>>>

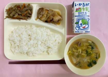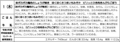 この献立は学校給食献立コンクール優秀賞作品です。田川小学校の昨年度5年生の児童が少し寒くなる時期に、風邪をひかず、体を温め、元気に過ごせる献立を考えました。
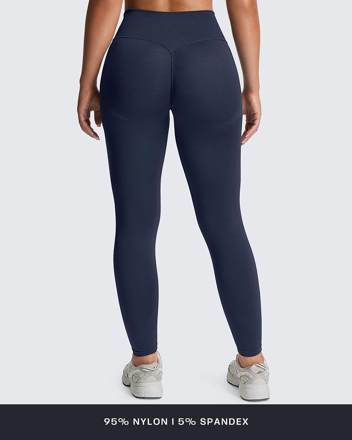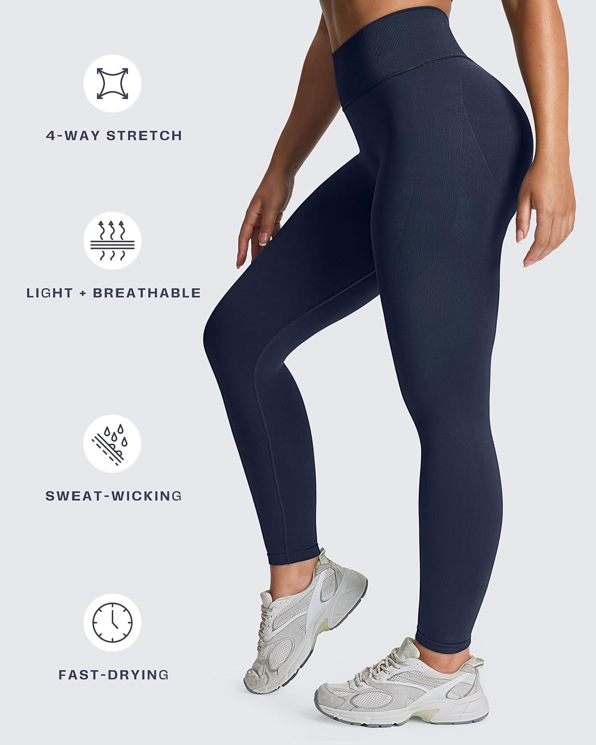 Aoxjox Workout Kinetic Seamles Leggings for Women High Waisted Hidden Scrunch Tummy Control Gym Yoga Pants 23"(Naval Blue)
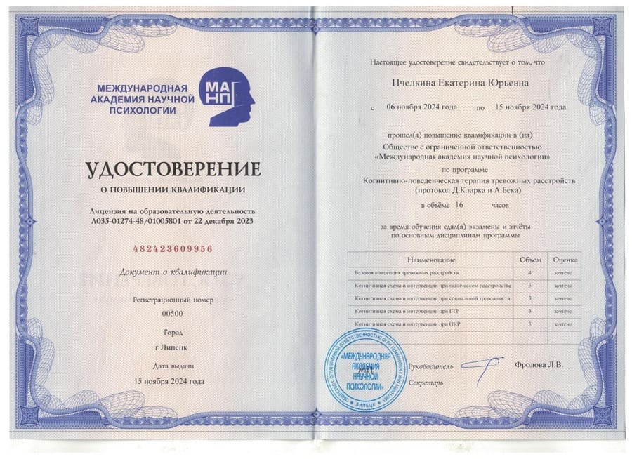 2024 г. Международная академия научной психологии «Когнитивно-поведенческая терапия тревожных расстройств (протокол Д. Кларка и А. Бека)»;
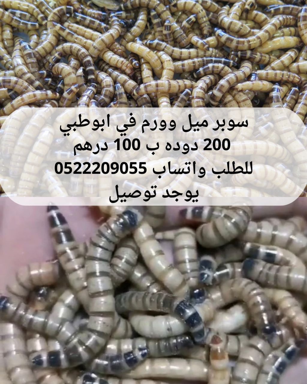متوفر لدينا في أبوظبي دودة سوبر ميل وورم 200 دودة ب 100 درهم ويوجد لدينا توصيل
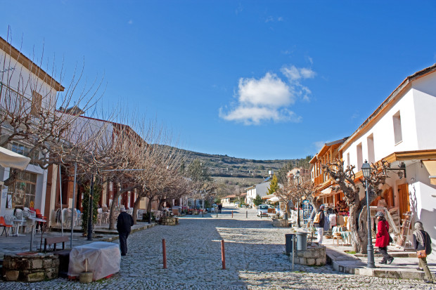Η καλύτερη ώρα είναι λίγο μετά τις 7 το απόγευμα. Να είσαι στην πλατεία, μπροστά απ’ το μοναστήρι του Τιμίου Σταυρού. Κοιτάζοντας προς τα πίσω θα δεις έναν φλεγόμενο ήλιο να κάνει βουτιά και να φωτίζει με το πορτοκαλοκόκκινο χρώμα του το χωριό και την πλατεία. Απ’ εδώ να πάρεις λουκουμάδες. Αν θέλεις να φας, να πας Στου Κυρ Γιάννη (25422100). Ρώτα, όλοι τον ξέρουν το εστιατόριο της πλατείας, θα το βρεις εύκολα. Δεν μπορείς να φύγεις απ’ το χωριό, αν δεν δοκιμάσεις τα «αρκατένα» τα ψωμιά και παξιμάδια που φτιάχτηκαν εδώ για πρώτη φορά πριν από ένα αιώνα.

<<<
>>>

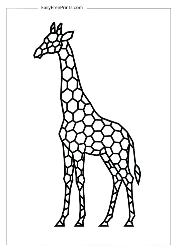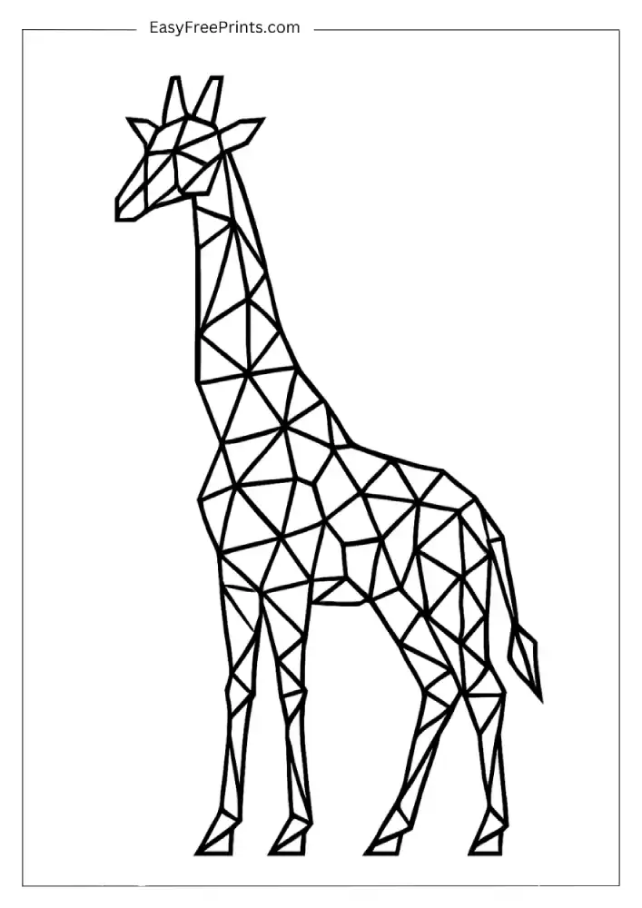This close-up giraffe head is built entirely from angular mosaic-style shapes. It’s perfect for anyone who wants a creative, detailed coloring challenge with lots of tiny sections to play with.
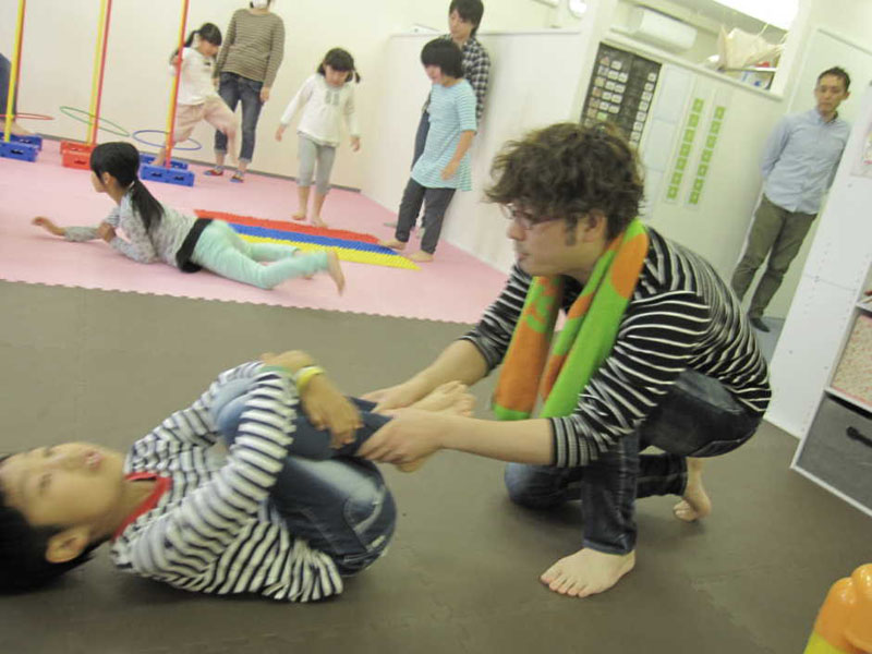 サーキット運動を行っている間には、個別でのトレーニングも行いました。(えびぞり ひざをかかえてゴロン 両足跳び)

<<<

BRIEF> Set the pictures aside and transcribe exactly the stretch of lines above, beginning with the one holding "Aoxjox Workout Kinetic" and ending with the one holding "Η καλύτερη ώρα".

SOLUTION TO THIS EXERCISE>
 Aoxjox Workout Kinetic Seamles Leggings for Women High Waisted Hidden Scrunch Tummy Control Gym Yoga Pants 23"(Naval Blue)
 2024 г. Международная академия научной психологии «Когнитивно-поведенческая терапия тревожных расстройств (протокол Д. Кларка и А. Бека)»;
متوفر لدينا في أبوظبي دودة سوبر ميل وورم 200 دودة ب 100 درهم ويوجد لدينا توصيل
Η καλύτερη ώρα είναι λίγο μετά τις 7 το απόγευμα. Να είσαι στην πλατεία, μπροστά απ’ το μοναστήρι του Τιμίου Σταυρού. Κοιτάζοντας προς τα πίσω θα δεις έναν φλεγόμενο ήλιο να κάνει βουτιά και να φωτίζει με το πορτοκαλοκόκκινο χρώμα του το χωριό και την πλατεία. Απ’ εδώ να πάρεις λουκουμάδες. Αν θέλεις να φας, να πας Στου Κυρ Γιάννη (25422100). Ρώτα, όλοι τον ξέρουν το εστιατόριο της πλατείας, θα το βρεις εύκολα. Δεν μπορείς να φύγεις απ’ το χωριό, αν δεν δοκιμάσεις τα «αρκατένα» τα ψωμιά και παξιμάδια που φτιάχτηκαν εδώ για πρώτη φορά πριν από ένα αιώνα.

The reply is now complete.